To make the fourth box as big as possible
- [math]\displaystyle{ [1,1,1,1] \to [0,3,0,3] \to [0,2,2,3] \to [0,2,0,7] \to [0,1,7,0] \to [0,1,0,14] }[/math] [math]\displaystyle{ \to [0,0,14,0] \to [0,0,0,28] }[/math] gives 28 coins in box 4.

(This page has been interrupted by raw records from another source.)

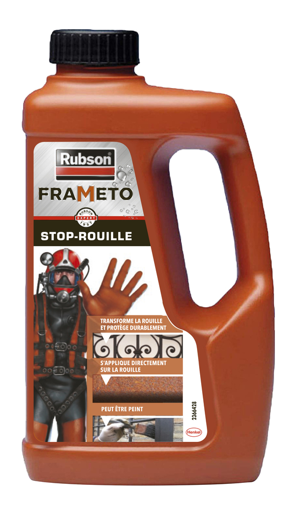 FRAMETO ANT ROUIL 500ML 788863 Anti-rouille à utiliser pour le traitement des métaux ferreux, il s’applique directement sur la rouille, la transforme et protège durablement le mobilier de jardin, portails, grilles… | Frameto Stop-Rouille agit rapidement et peut être peint. | Ne contient pas de plomb.
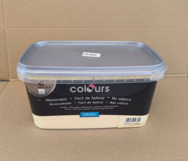 Se vende bote de pintura Colours amarillo limonada 705922. Es de Leroy Merlín. Bote de 4 litros, para 40m cuadrados. Está sin abrir. Se regala otro bote igual que está a la mitad. Está en Donostia / San Sebastián.
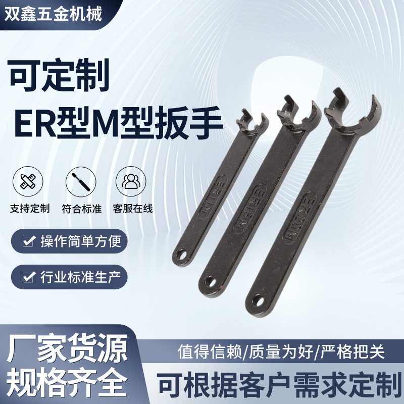 扬州市双鑫五金机械工具厂主营内六角扳手、内五角扳手、钩形扳手、ER扳手、挡圈钳、刀架扳手、单头呆扳手、单头敲击梅花扳手、单头敲击呆扳手、卡盘扳手等。客户可以定制非标工具。工厂产品品种齐全、价格合理。我们以“敬业、用心”的工作态度服务于客户,并通过与客户紧密地合作,为客户带来利益,以客户的满意为目标,并期待与新老客户建立长期的合作关系。希望通过不懈努力,进一步拓展公司发展空间,在以后的发展历程中会不断改进。
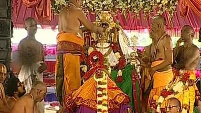 వేదపండితుల మంత్రోచ్ఛరణల మధ్య ఉదయమే కల్యాణ వేడుక ప్రారంభమైంది. కల్యాణ వేదిక పైకి స్వామి వారు చేరుకున్న అనంతరం ప్రభుత్వం తరఫున దేవాదాయ మంత్రి ఇంద్రకరణ్ రెడ్డి స్వామి వారికి పట్టువస్త్రాలు, ముత్యాల తలంబ్రాలు సమర్పించారు.
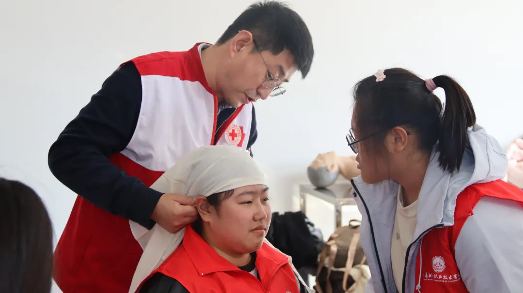作为学校护理类专业建设的核心载体,护理产业学院始终以“培养高素质应用型护理人才”为目标,此次培训既是专业教学的延伸,更是职业素养培育的重要实践。培训团队由学院骨干教师与红十字志愿服务队核心成员组成,讲师均具备丰富的临床护理经验与急救培训资质,课程设置严格对标行业标准——从心肺复苏(CPR)的规范操作、自动体外除颤器(AED)的实战应用,到创伤急救的包扎固定技巧,每一项内容均紧扣护理专业岗位需求,同时覆盖师生日常工作、生活中的应急场景,实现“专业技能”与“实用能力”的双重覆盖。
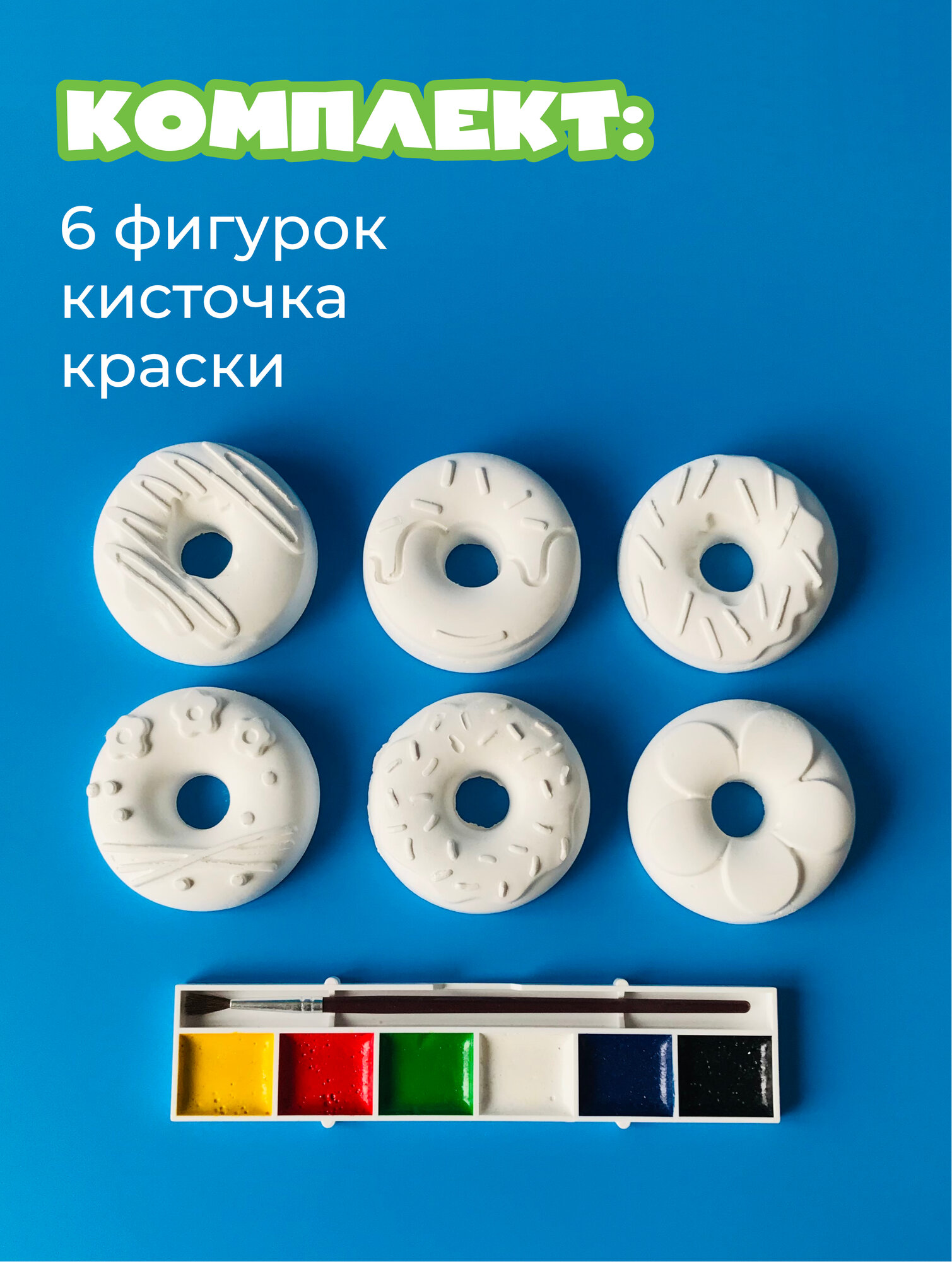Объемные раскраски пончики / многоразовая 3D развивашка фигурки 7 шт, кисточка, краски / Творческая мастерская Сделай Сам информация:

To make the sixth box as big as possible
- Using the fourth box move we have [math]\displaystyle{ [0,0,0,28,1,1] }[/math]. We can move [math]\displaystyle{ [28,1,1] }[/math] to [math]\displaystyle{ [27,0,7] }[/math] through Type 1; then using a variant of advanced move 3 we get [math]\displaystyle{ [0,0,7 * 2^{27}] }[/math], leading to [math]\displaystyle{ 7 \times 2^{27} }[/math] coins in the last box.
- A new record: we can get [math]\displaystyle{ 2^{192} }[/math] in the 6th box by [math]\displaystyle{ [1,1,1,1,1,1]\to \to [0,0,7,1,1,1]\to [0,0,7,0,3,1] \to \to [0,0,1,0,3\times 2^6,1]\to[0,0,0,3\times 2^6,0,1]\to [0,0,0,0,0,2^{3\times 2^6}] }[/math] where [math]\displaystyle{ \to\to }[/math] are the special moves.
Completed solutions
First solution
Fist, I introduce a move that follows from compound move 3:
(1) [math]\displaystyle{ [N,M,0,0] \to [N-1, 1, 0, 2^{M+1}] \to [N-2,2^{M+1}, 0, 0 ] }[/math]
We can get
(2) [math]\displaystyle{ [0,0, 140, 0, 0 ,0] }[/math] as follows:
- [math]\displaystyle{ [1,1,1,1,1,1] \to [0,2,2,2,2,3] \to [0,2,1,1,8,3] \to [0,2,1,1,0,19] \to [0,1,19,0,0,0] }[/math]
- [math]\displaystyle{ \to [0,1,1,36,0,0] \to [0,1,1,1,0,140] \to [0,0,140,0,0,0] }[/math]
By (1) combined with (2) we can get some number that is greater than [math]\displaystyle{ n:=2010^{2010^{2010}} }[/math] in the 4th spot
And swapping 5 with 6 enough times, we can adjust this number to have the value n/4. Moving everything to the right will give us the desired result.
Second solution
[math]\displaystyle{ [1,1,1,1,1,1] \to [0,3,1,1,1,1] \to [0,2,3,1,1,1] \to [0,2,1,5,1,1] \to [0,2,1,1,9,1] }[/math][math]\displaystyle{ \to [0,2,1,1,0,19] \to [0,2,1,0,19,0] \to [0,2,0,19,0,0] \to [0,1,19,0,0,0] }[/math].
Make use of the compound move 4 here so that [math]\displaystyle{ \to [0,1,0,2^{2^{\cdots^2}},0,0] \to [0,0,2^{2^{\cdots^2}},0,0,0]=[0,0,N,0,0,0] }[/math] where there are 19 2's. Note that [math]\displaystyle{ 2^{2^{2^2}}=2^16\gt 2010 }[/math]. Thus, [math]\displaystyle{ M=2^{2^{\cdots^2}} }[/math] with 12 2's is bigger than [math]\displaystyle{ K=2010^{2010^{2010}} }[/math]. Hence, we have [math]\displaystyle{ N\gt K\gt K/8 }[/math] so that [math]\displaystyle{ [0,0,N,0,0,0] \to [0,0,N-1,0,0,0] \to \cdots \to [0,0,K/8,0,0,0] \to [0,0,0,K/4,0,0] \to [0,0,0,0,K/2,0] \to [0,0,0,0,0,K] }[/math].